Edward Kelting (Stanford), "The Greek Face of Roman Egypt"

Date
Mon January 14th 2019, 10:30 - 11:30am
Event Sponsor
Department of Classics
Location
110-112
Edward Kelting (Stanford), "The Greek Face of Roman Egypt"

“The Greek Face of Roman Egypt” offers two perspectives on cultural translation between Egypt, Greece, and Rome, from Augustus through Hadrian: one grounded in the Egyptian articulation of Egyptian culture under new forms of Roman imperial control, the other in the alternatively optimistic and world-weary Roman responses to a Principate whose contours were explored and explained through Egypt. The two parts of this dissertation highlight the marginalized literary traditions that emerged out of these two perspectives. Egyptians wrote about Egypt for a Greek and Roman audience in a coherent, Greek-language, literary tradition I call Aegyptiaka.
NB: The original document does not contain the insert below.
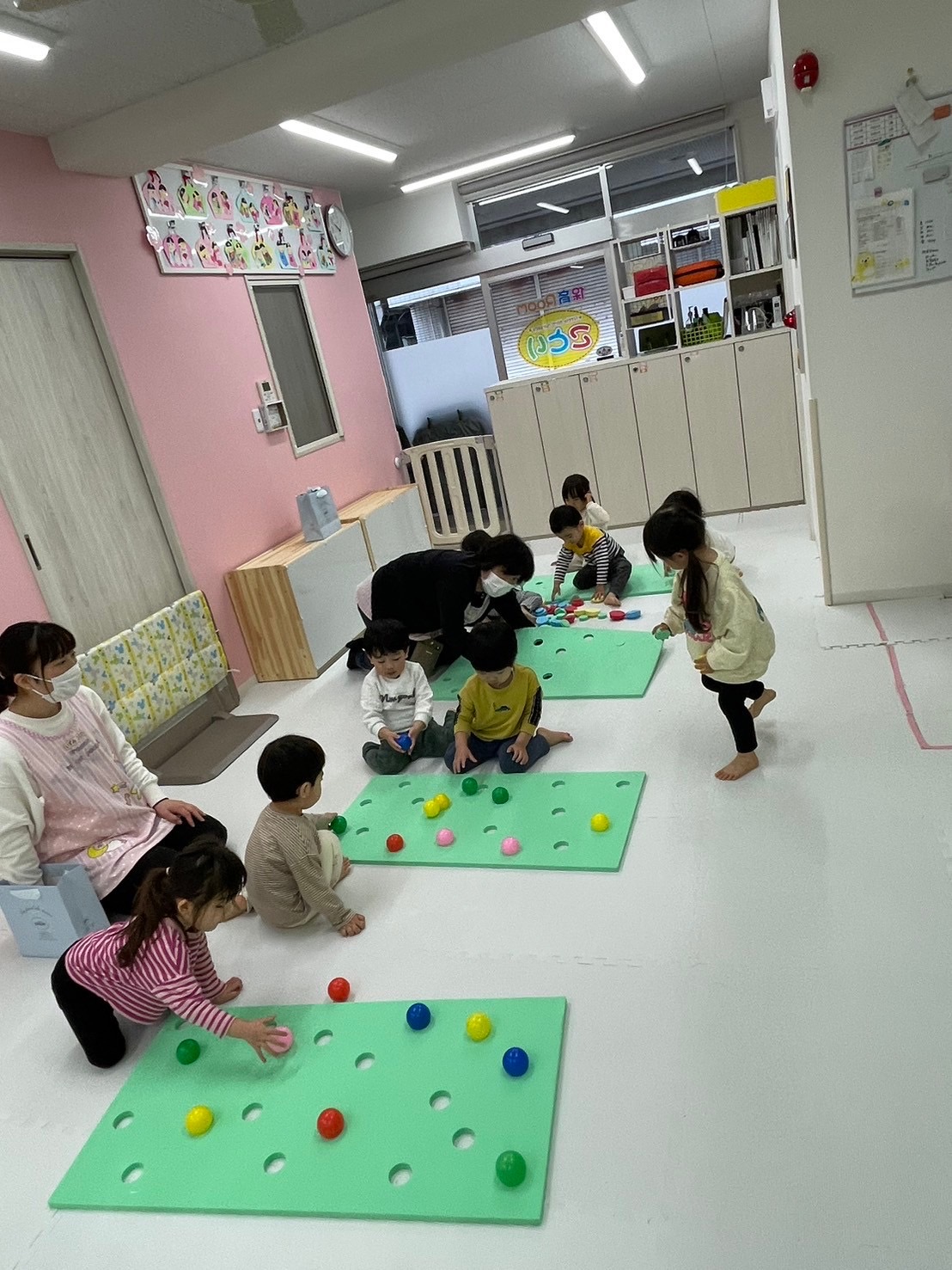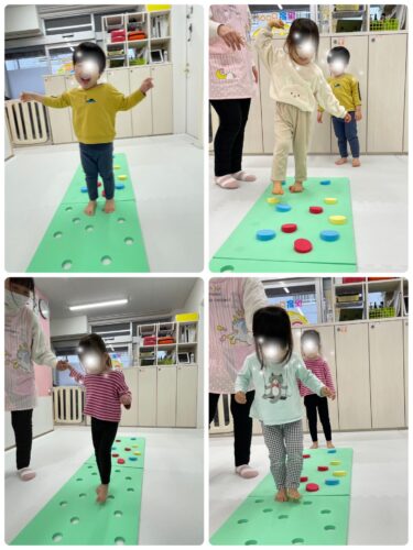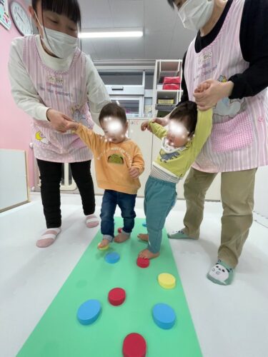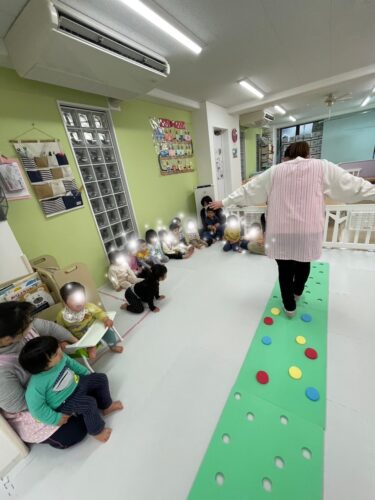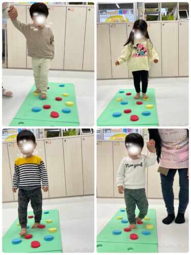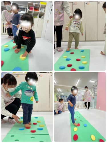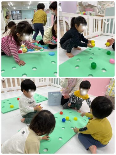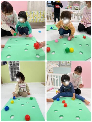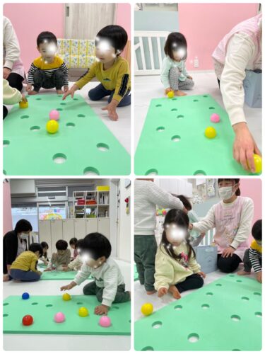 穴を踏まずに よけながら歩いてみたり、色指定で歩いてみたり、色々工夫しながら遊び、後半は穴めがけてカラーボールを転がし入れるゲームに花が咲きました!
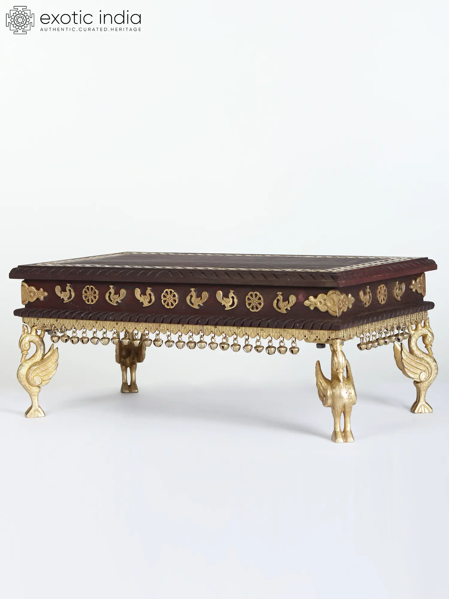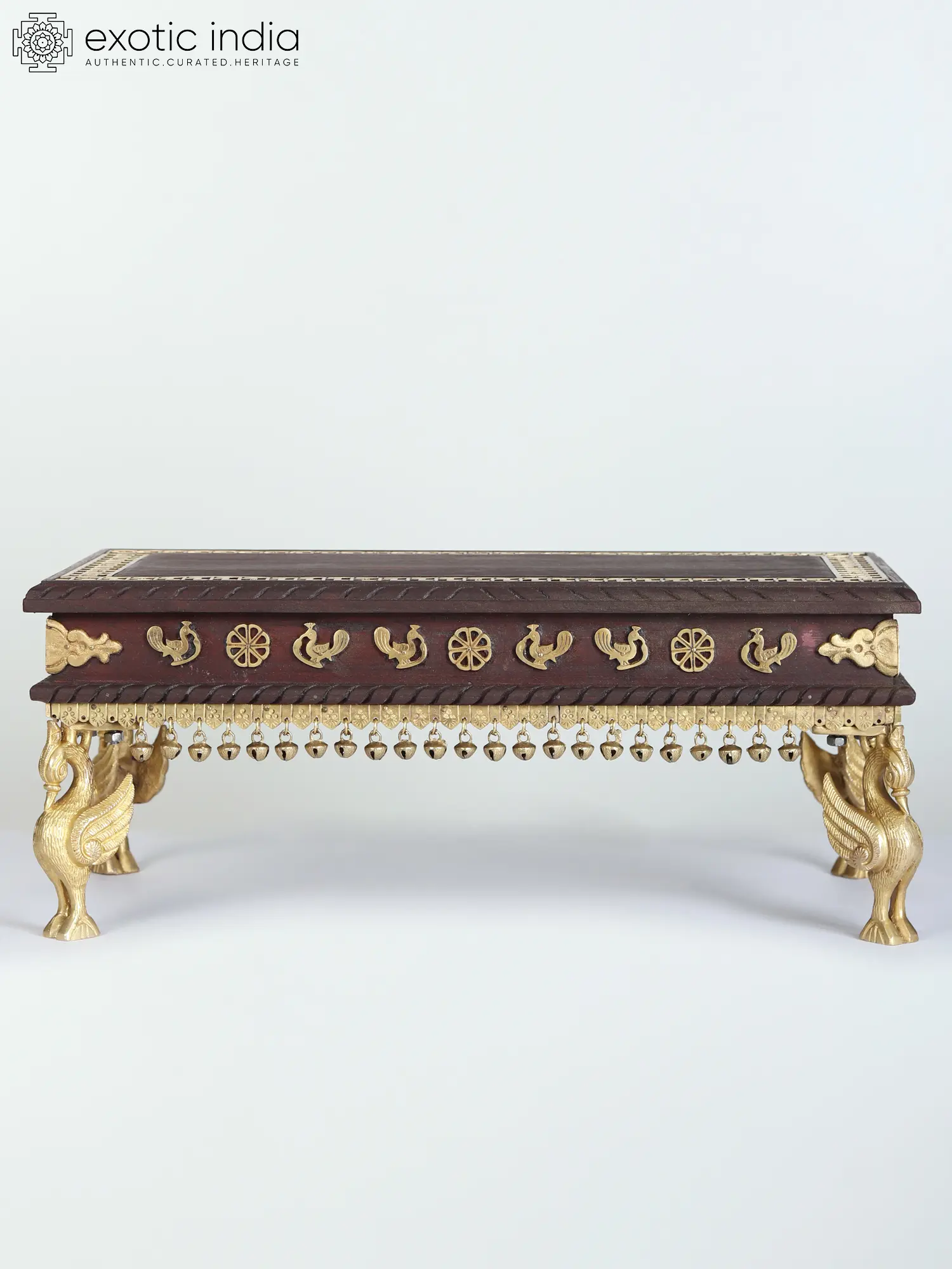 The use of annapakshi, or divine peacock, represents the heavenly benediction on the Bride and Groom. The pedestal is supported by exquisite brass legs and embellished with ghungroos. The pedestal's border features basic yet exquisite brass jaal work. The rectangular shape of the pedestal looks perfect for the seating of deities as it stays in the mind of the beholder as the most beautiful item they have ever come across.

I look to the ways in which Egyptian authors of Aegyptiaka explained aspects of Egyptian religion—its sacred animals, its priests, and the hieroglyphic script—so that they were comprehensible to a Greek and Roman audience. Second, I pay particular attention to those Greek and Roman authors who looked to Egyptian space and Egyptian people to justify the new institutions of the Principate. Both these traditions can enrich our reading of authors like Vergil, Lucan, and Juvenal, whose heap of criticisms about Egypt and its culpability in the degeneration of the Principate is, I argue, a specific, contingent response to wider processes of intercultural dialogue.